▶ [RAW DATA]
==================================================

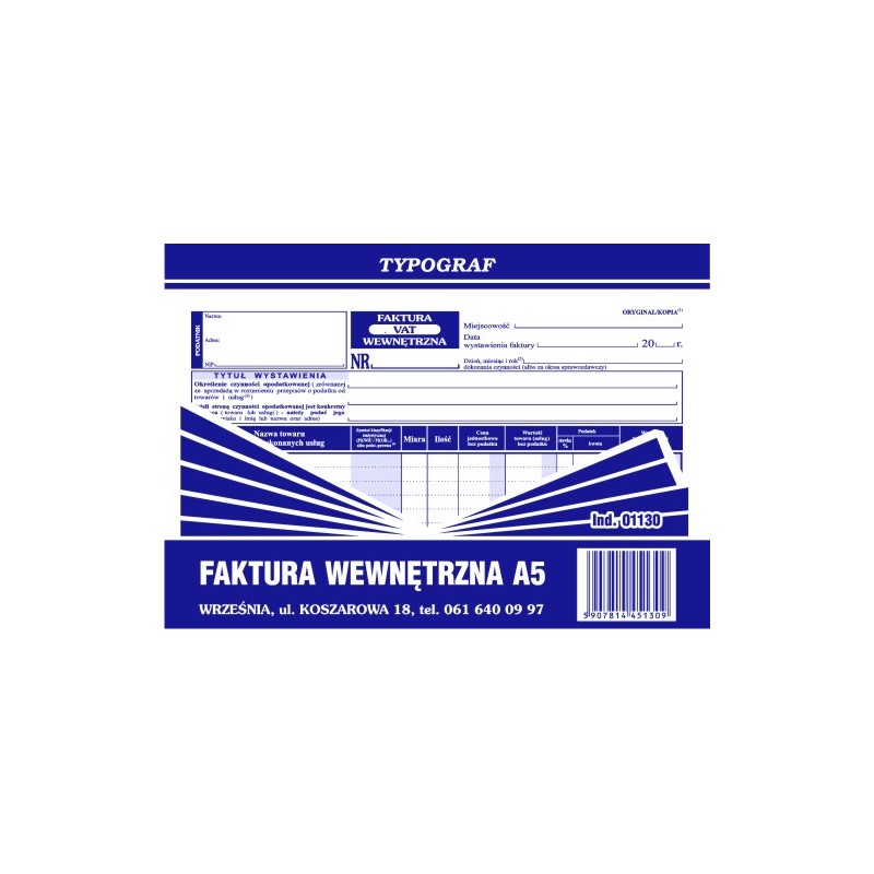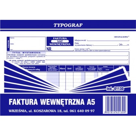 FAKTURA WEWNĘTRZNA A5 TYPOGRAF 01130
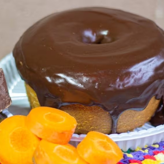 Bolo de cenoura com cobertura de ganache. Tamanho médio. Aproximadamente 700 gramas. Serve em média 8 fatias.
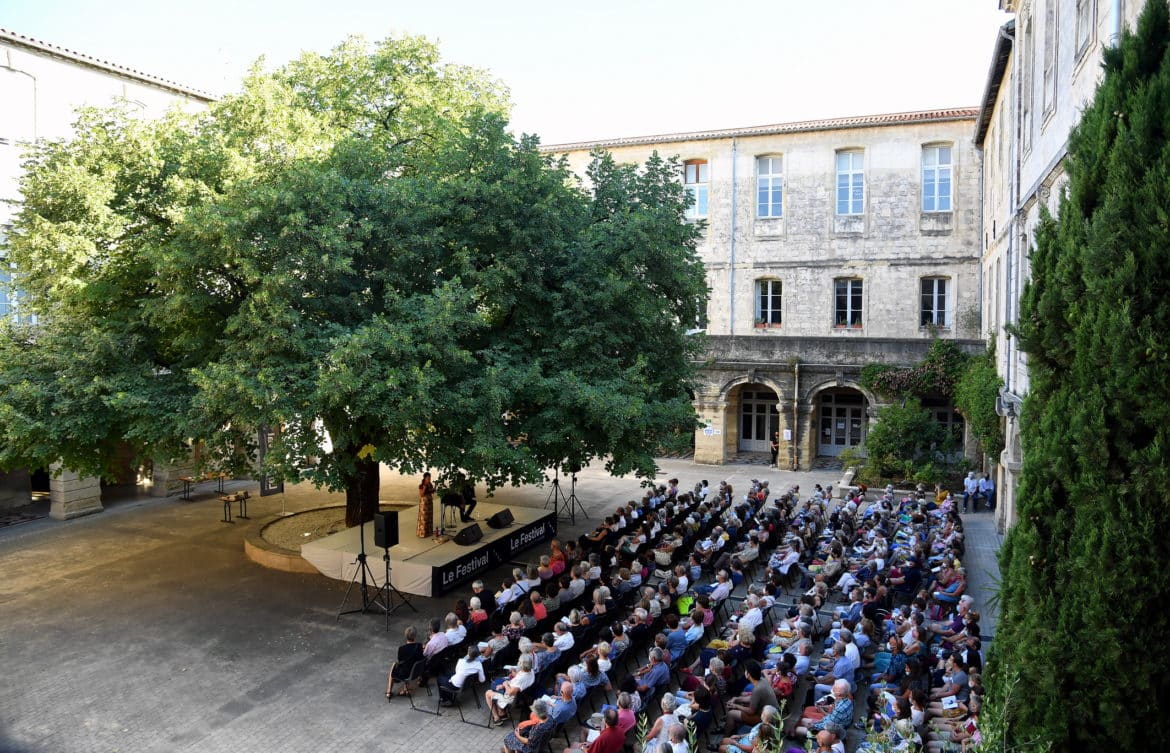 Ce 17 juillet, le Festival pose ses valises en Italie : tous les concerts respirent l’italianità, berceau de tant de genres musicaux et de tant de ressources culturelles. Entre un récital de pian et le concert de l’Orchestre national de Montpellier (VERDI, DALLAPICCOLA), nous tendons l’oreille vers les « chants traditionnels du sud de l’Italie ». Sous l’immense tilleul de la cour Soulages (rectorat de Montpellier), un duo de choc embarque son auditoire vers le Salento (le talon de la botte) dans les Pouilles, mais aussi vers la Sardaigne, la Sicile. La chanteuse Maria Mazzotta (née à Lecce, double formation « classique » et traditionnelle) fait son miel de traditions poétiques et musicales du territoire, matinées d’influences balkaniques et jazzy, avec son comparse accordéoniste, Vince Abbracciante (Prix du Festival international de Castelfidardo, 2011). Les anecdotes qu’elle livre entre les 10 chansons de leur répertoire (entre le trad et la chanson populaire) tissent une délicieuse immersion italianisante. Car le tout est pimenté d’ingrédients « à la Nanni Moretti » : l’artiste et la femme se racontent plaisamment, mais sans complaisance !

==================================================

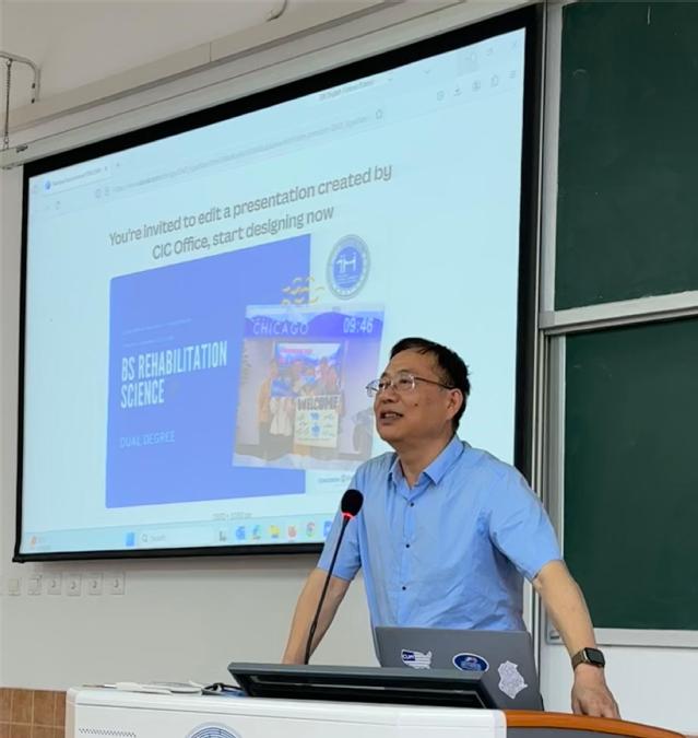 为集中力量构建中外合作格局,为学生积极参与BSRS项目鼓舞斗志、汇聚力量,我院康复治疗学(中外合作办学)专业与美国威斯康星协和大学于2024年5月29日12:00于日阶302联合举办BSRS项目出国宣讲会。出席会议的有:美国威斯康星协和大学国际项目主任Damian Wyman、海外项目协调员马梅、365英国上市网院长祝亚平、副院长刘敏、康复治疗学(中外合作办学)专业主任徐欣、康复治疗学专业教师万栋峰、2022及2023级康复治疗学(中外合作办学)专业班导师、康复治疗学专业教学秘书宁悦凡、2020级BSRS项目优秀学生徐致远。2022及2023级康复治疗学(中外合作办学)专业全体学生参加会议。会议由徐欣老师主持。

==================================================

▶ [TO DO]
Look above for the line containing "FAKTURA WEWNĘTRZNA A5 TYPOGRAF 01130", then write out every line from there down to the line containing "Ce 17 juillet, le", that line included, with no pictures.

▶ [RESPONSE TO THIS EXERCISE]
 FAKTURA WEWNĘTRZNA A5 TYPOGRAF 01130
 Bolo de cenoura com cobertura de ganache. Tamanho médio. Aproximadamente 700 gramas. Serve em média 8 fatias.
 Ce 17 juillet, le Festival pose ses valises en Italie : tous les concerts respirent l’italianità, berceau de tant de genres musicaux et de tant de ressources culturelles. Entre un récital de pian et le concert de l’Orchestre national de Montpellier (VERDI, DALLAPICCOLA), nous tendons l’oreille vers les « chants traditionnels du sud de l’Italie ». Sous l’immense tilleul de la cour Soulages (rectorat de Montpellier), un duo de choc embarque son auditoire vers le Salento (le talon de la botte) dans les Pouilles, mais aussi vers la Sardaigne, la Sicile. La chanteuse Maria Mazzotta (née à Lecce, double formation « classique » et traditionnelle) fait son miel de traditions poétiques et musicales du territoire, matinées d’influences balkaniques et jazzy, avec son comparse accordéoniste, Vince Abbracciante (Prix du Festival international de Castelfidardo, 2011). Les anecdotes qu’elle livre entre les 10 chansons de leur répertoire (entre le trad et la chanson populaire) tissent une délicieuse immersion italianisante. Car le tout est pimenté d’ingrédients « à la Nanni Moretti » : l’artiste et la femme se racontent plaisamment, mais sans complaisance !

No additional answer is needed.